The Management of SOS Children’s Villages Ghana, has urged the media pay critical attention to child protection and advocacy.
According to management, it has noticed that across the African continent, children and young people without parental care are growing up alone, left behind in development and exposed to abuse, exploitation and other practices against their fundamental human rights, while the media spends much time on political issues.
The National Child Protection Advisor for SOS, Josiah Bernard Nartey, who spoke to Citi News on the sidelines of a two-day partnership knowledge management with the media, called on the media to focus their attention on saving innocent lives who are future leaders of the country.
“The most important tool for projecting issues in the society is the media as a unit. Projection calls for education and awareness creation, and we believe that with the media as our partners we are going to make a real success of this endeavour of taking care of children and protecting them”.
“I think that the Ghanaian media space is so concentrated on political issues and sensationalism, so I want to plead with the media that even though the scale has not been tilted to favour children, this time around, I want them to turn their attention to children who play an important role in society and the future leaders of the country for the development of our country.

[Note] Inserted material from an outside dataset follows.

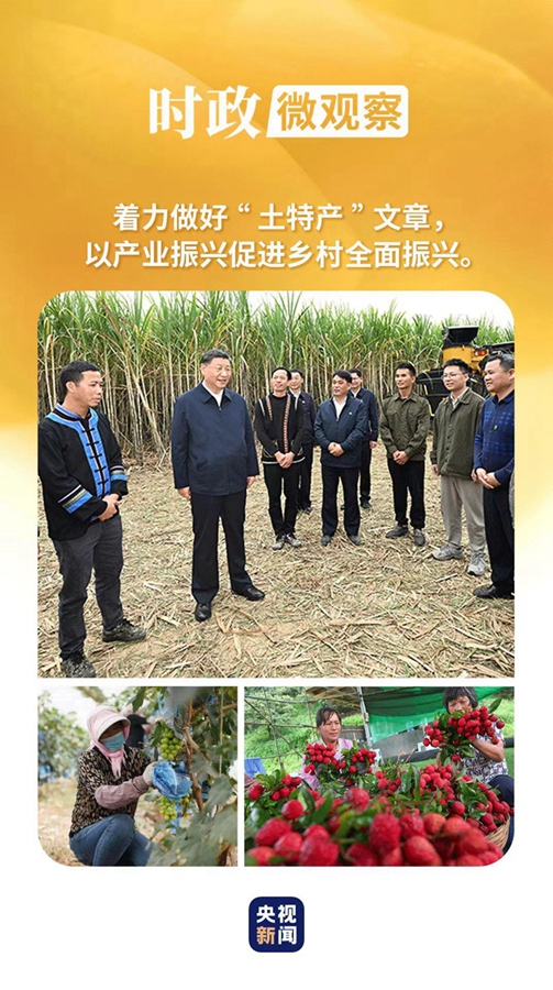 习近平总书记强调,要着力做好“土特产”文章,以产业振兴促进乡村全面振兴。在地方考察时,他多次来到大棚里、田埂上、果树间、农舍前,为特色产业谋思路、为农民致富找门路。

Children are the most vulnerable in our country and the vulnerable needs to be protected so the media should spend their attention on issues concerning children”.
The Manager for Advocacy, Communications and Brand for SOS,Edith Efua Chidi, speaking on the theme ‘Not Leaving The Media Behind’ after the workshop was hopeful about the collaboration with the media going forward.
“Without the media our advocacy work will be in the dark, and we will not be able to achieve our vision, so it is important we bring the media along, but how do you involve the media to make an impact if they do not understand the core of the things you do or the issues you want to engage them on; so we needed to have this training to inform and educate the media on the core functions of SOS and the impact we have made over the period”
“When you look at the name of this event it is called partnership knowledge management session, we want to partner with the media in Ghana and by so doing we need to first impact them with the desired knowledge so that they may be able to come out with the desired effects”.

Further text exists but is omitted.